她将玉印塞进僧袍的动作,与母亲藏兵符时的决绝重叠。布料燃烧的卷曲轨迹,与户部银库的地图完全相同。而从火场深处传来的钟声,节奏与开启皇室秘库的密码完全相同 —— 住持在死前敲响了警钟,这钟声不仅是示警,更是在召唤某个藏在寺庙的秘密力量,而这力量,必然与被牵连的前朝官员有着千丝万缕的联系。

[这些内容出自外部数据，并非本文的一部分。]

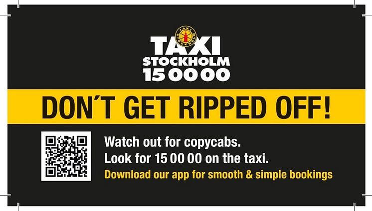 – Vi kan inte helt bli av med problematiken, men vi kan informera våra kunder. Vår kampanj “Don't Get Ripped Off” uppmanar kunder att söka efter numret 15 00 00 i vår logotyp, vilket är en bra riktlinje om man vill sätta sig i en äkta bil från Taxi Stockholm, fortsätter Henrik Boström.
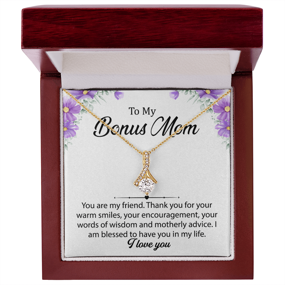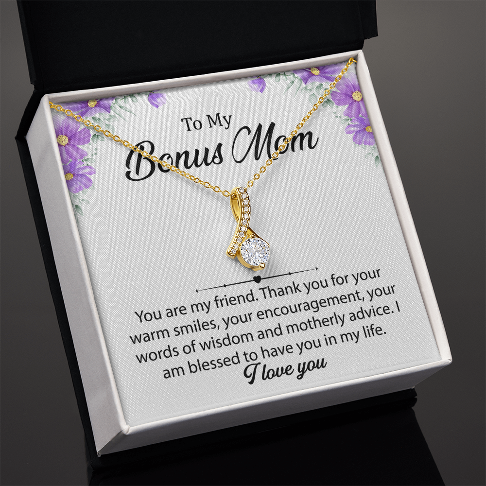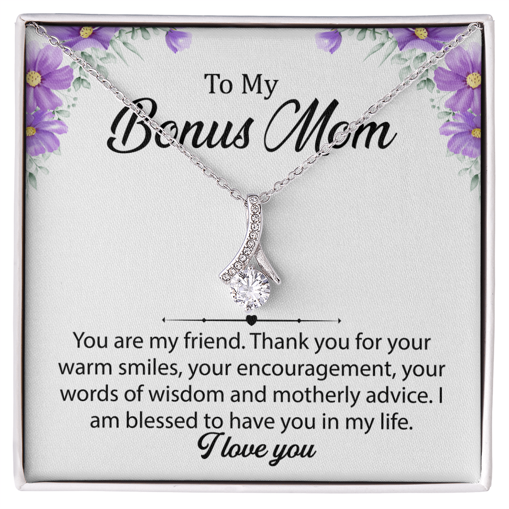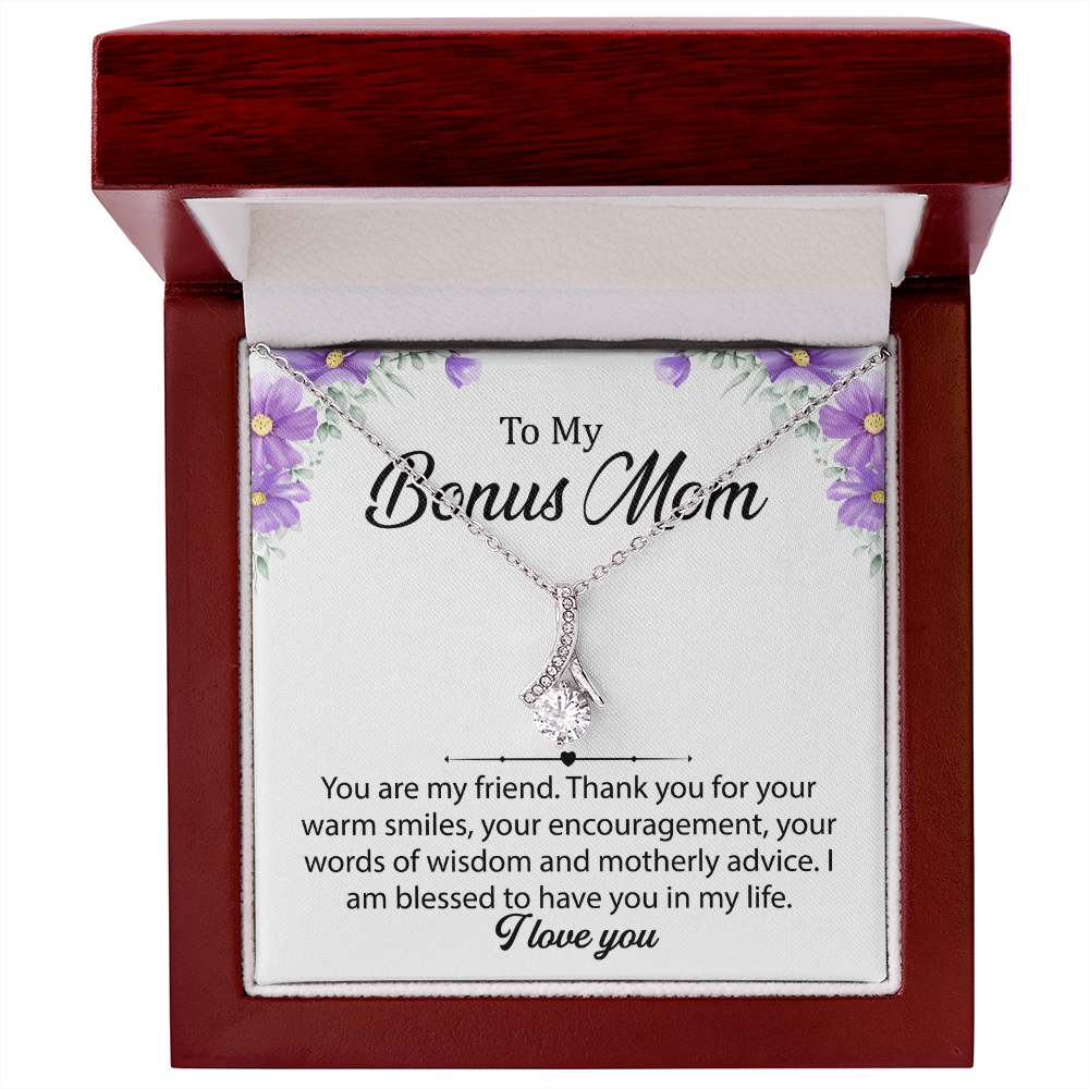 To My Bonus Mom Gifts, Gifts for Step Mom - Elegant Alluring Beauty Necklace for Her, Bonur Mom Jewelry Gifts
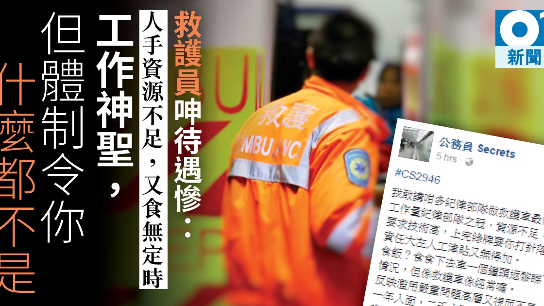 救護員facebook大控訴呻待遇為紀律部隊中最慘終選擇轉部門 香港01 社會新聞
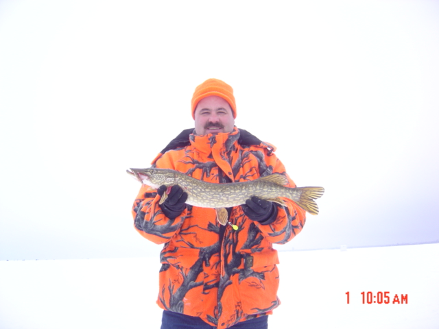 | Yep, the fishing has slowed considerably for walleyes for me and those I spoke with fishing LBDN this past weekend. The theme was consistant in that everyone believe the brutally cold weather has effected the walleye's hunger. Pete Huibregtse and I fished first out front of the McDonalds in the outer bay, catching one small 'eye, and having one tip-up with - but all that happened was to pull in a scaled shiner minnow. Then we fished in the mud out front of the Vagabond - nothing. We finished Saturday by fishing the shallows near the Hawg Heaven shanty town. We caught another small 'eye and that's it for the day. Will report the day before the Hawg Heaven clients did catch some northern while we were present, and had a great story about a client catching a 46 inch Northern the night before, on a tip-up from the shanty town spread. They also reported a number of walleye caught along with this northern. Sunday had Pete and I out fishing in the mud out front of the Terrace. One tip-up with no results, and then we managed to salvage the trip with a 26 inch Northern. And I'm eating that sucker! Attachments ---------------- Jake.jpg (145KB - 151 downloads) Mark Serchen.jpg (149KB - 142 downloads) Mr. Lary.jpg (146KB - 142 downloads) 26 inch Northern.jpg (127KB - 139 downloads) | |||
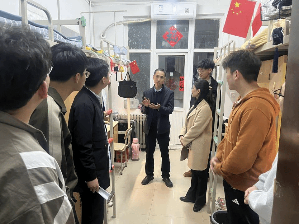 本网讯(文/图 秦阳)为深化平安校园建设,进一步加强学生宿舍安全教育和管理,2025年4月2日,万象城awcsport官网(智慧康养护理行业学院)党委书记牛乐、副书记杨雪带领全体辅导员开展清明节前学生宿舍安全专项检查,同时还围绕消防安全、交通安全、财产安全等方面开展了安全宣传教育。

苏惊盏策马冲出火海的刹那,看见大悲寺的匾额在火光中崩裂,“大悲” 二字坠落的弧度,与李尚书奏折上的 “立后” 二字完全重合。她怀中的兵符突然发烫,仿佛要烙进皮肉里 —— 这感觉与萧彻旧伤发作时的灼热完全相同,而此刻从京城方向传来的加急马蹄声,正朝着火场疾驰而来,马背上插着的红旗,与太子东宫的銮旗分毫不差。
她突然想起苏令微宫装的十二只凤鸟,想起被牵连的十二部官员,想起兵符上那道将合未合的裂痕 —— 后位之争从来不是女人的游戏,而是前朝势力重新洗牌的棋盘,每个棋子的坠落,都在为兵符归位铺路。而那枚从火场抢出的玉印,边缘的缺口恰好能咬合皇帝龙袍上的玉佩,这或许就是打开皇室秘库的最后一把钥匙。
夜风卷着火星掠过耳畔,苏惊盏突然勒住马缰。前方岔路口,一边通往皇宫,一边通往天牢 —— 萧彻还在那里等着她的消息。而她从僧袍灰烬里捻出的,除了玉印的碎片,还有半张写着 “苏” 字的纸条,笔迹与父亲密信上的胁迫暗号完全相同。看来,父亲也被卷入了这场后位之争,且处境危险。